C’est, à ma connaissance, dans une nouvelle note, produite cette fois par la Sous-direction anti-terroriste de la Direction centrale de la Police judiciaire, et datée du 26 janvier 2008, que s’achève la formation de l’expression qui fait son titre : Renseignements concernant la mouvance anarcho autonome francilienne (cf. article de Nicolas Beau et Jacques-Marie Bourget sur le site bakchich.info, 14 novembre 2008). Voici donc la « mouvance anarcho autonome » qui, pour avoir perdu un trait d’union, a enfin gagné sa cohésion. Et elle gagne encore, détail décisif, une localisation géographique : « francilienne ». Certes, cela peut signifier simplement la modestie de l’objet envisagé (on ne traitera pas de la mouvance toulousaine...). Cependant, l’adjectif francilienne, s’il est réducteur dans l’espace géographique, ouvre des perspectives « organisationnelles » et donc policières intéressantes [4]. Au prix de son troisième adjectif qualificatif, la « mouvance », terme par définition vague, acquiert un semblant de consistance... Bref, par la vertu d’un mot, nous avons affaire à une organisation, à un groupe constitué, autant dire à un parti ! Lequel s’exprime, selon la note de la PJ, « par des actions concertées à l’encontre des forces de l’ordre et de symbole du capital (banques, agences d’intérim, compagnies d’assurances, sociétés commerciales internationales...), préparées par les intéressés lors de rencontres dans les squats, à la fois lieu de vie, de réunion et de passage [5] ».

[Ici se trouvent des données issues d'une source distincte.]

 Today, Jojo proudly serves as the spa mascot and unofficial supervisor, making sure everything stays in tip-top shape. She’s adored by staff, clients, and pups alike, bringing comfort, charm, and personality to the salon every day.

Il manquait une touche, logique, à cette élaboration. Elle est fournie par une note, en date du 13 juin 2008, de la Direction des affaires criminelles et des grâces du ministère de la Justice, adressée aux magistrats parquetiers de toute la France. Il s’agit de faire face « à la multiplication d’actions violentes commises sur différents points du territoire national susceptibles d’être attribuées à la mouvance anarcho-autonome. » La Chancellerie demande par cette note aux parquets locaux « d’informer dans les plus brefs délais la section anti-terroriste du parquet de Paris [de toute nouvelle « affaire »] pour apprécier de manière concertée l’opportunité d’un dessaisissement à son profit [6] ». La « mouvance anarcho-autonome » est donc bien l’équivalent d’une organisation structurée au niveau national, et comportant des ramifications ou des « cellules » locales.

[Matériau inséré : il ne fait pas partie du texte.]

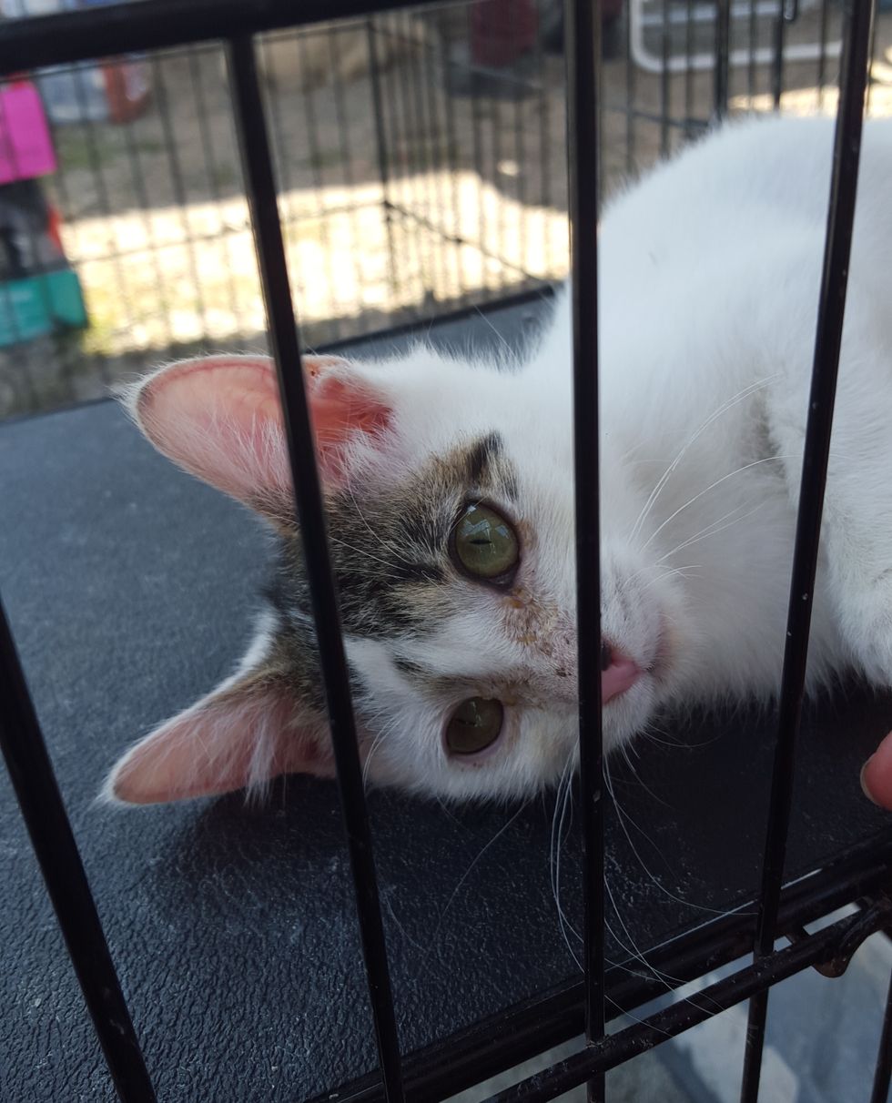 We first saw the large, multi-level cage housing three kittens. There were toys hanging from the rungs and fans directed down onto the cats.

Ce laborieux effort de visibilisation d’un ectoplasme permettra d’accuser demain tel individu interpellé et mis en examen, pour possession d’un fumigène par exemple, d’appartenir à la Mouvance anarcho autonome, comme on est délégué Force ouvrière ou agent de la CIA. L’intérêt étant que, aussi minuscule et dérisoire que puisse être le prétexte de son arrestation et de sa mise en examen, il sera considéré comme un élément d’un ensemble d’autant plus dangereux pour l’ordre social qu’il est flou. À travers lui, c’est « le parti » que l’on frappera !

Ultra-gauche

Annonçant les interpellations de Tarnac, le 11 novembre 2008, la ministre de l’Intérieur Michèle Alliot-Marie ajoute un terme à la déjà indigeste « mouvance anarcho-autonome », la faisant précéder du terme « ultra-gauche ». Ce qui donne, sans respiration : « ultra-gauche mouvance anarcho-autonome ». Mentionnons pour mémoire que le terme Ultras désigne, au début du XIXe siècle, les ultra-royalistes.

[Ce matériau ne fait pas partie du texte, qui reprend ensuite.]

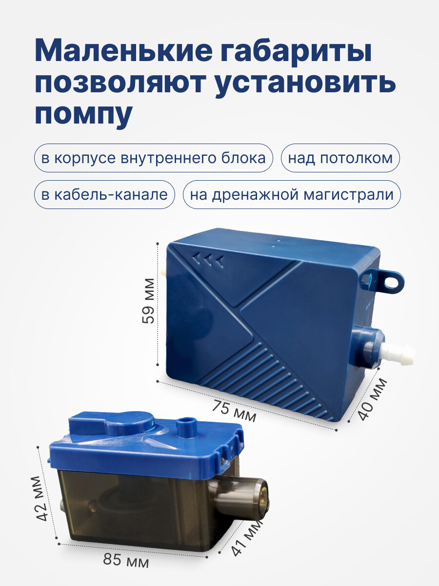 Помпа дренажная BAVIS MS-20 Mini - проточная дренажная помпа, максимальной производительностью 20 л/ч. Предназначена для использования с оборудованием кондиционирования мощностью по холоду до 20 кВт. Уровень шума 17 дБ. Благодаря своей конструкции помпа легко устанавливается в корпусе внутреннего блока, над потолком, в кабель-канале или на дренажной магистрали, обеспечивая эффективное удаление конденсата. Технические характеристики: Электропитание: ~100-240В 50/60Гц; Потребляемая мощность: 5 Вт; Производительность (макс.): 20 л/ч; Высота подъема (макс.): 15 м; Уровень шума (расст. 1м): 17 дБ; Габариты датчика: 85 х 42 х 41 мм; Габариты насосного модуля: 75 х 59 х 40 мм; Диаметр впускного фитинга: 6 мм; Диаметр выпускного фитинга: 6 мм; Степень пылевлагозащиты: IP66; Температура воды (макс.): 70 гр. С; Аварийная схема: NC-COM, 3A/~240В резистивной нагрузки. Особенности: Низкое энергопотребление. Уровень шума ниже по сравнению с поршневыми помпами. Герметичные резьбовые разъемы коммутационных проводов. Отводимый насосом конденсат не участвует в охлаждении насоса (не требуется термозащита насосного модуля). Поплавковый датчик уровня реализованный на эффекте Холла. (отсутствует электромеханическая коммутация). Кратковременная сервисная прокрутка насосного модуля по таймеру раз в 7 дней (исключает залипание клапанов насоса в период простоя). Комплект поставки: Насосный модуль - 1 шт. Датчик уровня с управляющим кабелем - 1 шт. Крепежная площадка датчика - 1 шт. Приемная трубка 14.5 х 20.5 х 150 мм - 1 шт. Соединительная трубка 6 х 9 х 1500 мм - 1 шт. Кабель питания и аварийной схемы - 1 шт. Самоклеящаяся подложка - 2 шт. Хомуты-стяжки - 6 шт. Саморезы - 4 шт.

Ultra-gauche a d’abord été employé au milieu des années 1920 pour désigner des militants léninistes, membres du KPD (parti communiste allemand pro-soviétique), qui déviaient de la ligne officiel de Moscou, en s’opposant par exemple à la politique de front unique avec les sociaux-démocrates. Par la suite, il a été utilisé de manière vague et confuse pour désigner les communistes de conseils (Pannekoek par ex.) et de manière générale les marxistes antistaliniens [7].

Rien ne dit que le vocabulaire politico-judiciaire soit fixé. On peut cependant prévoir qu’il sera difficile, ne serait-ce que d’un point de vue euphonique, d’allonger encore cette suite de trois termes, dont deux sont composés. Il sera plus simple d’utiliser, comme en d’autres temps, le mot « terroriste ».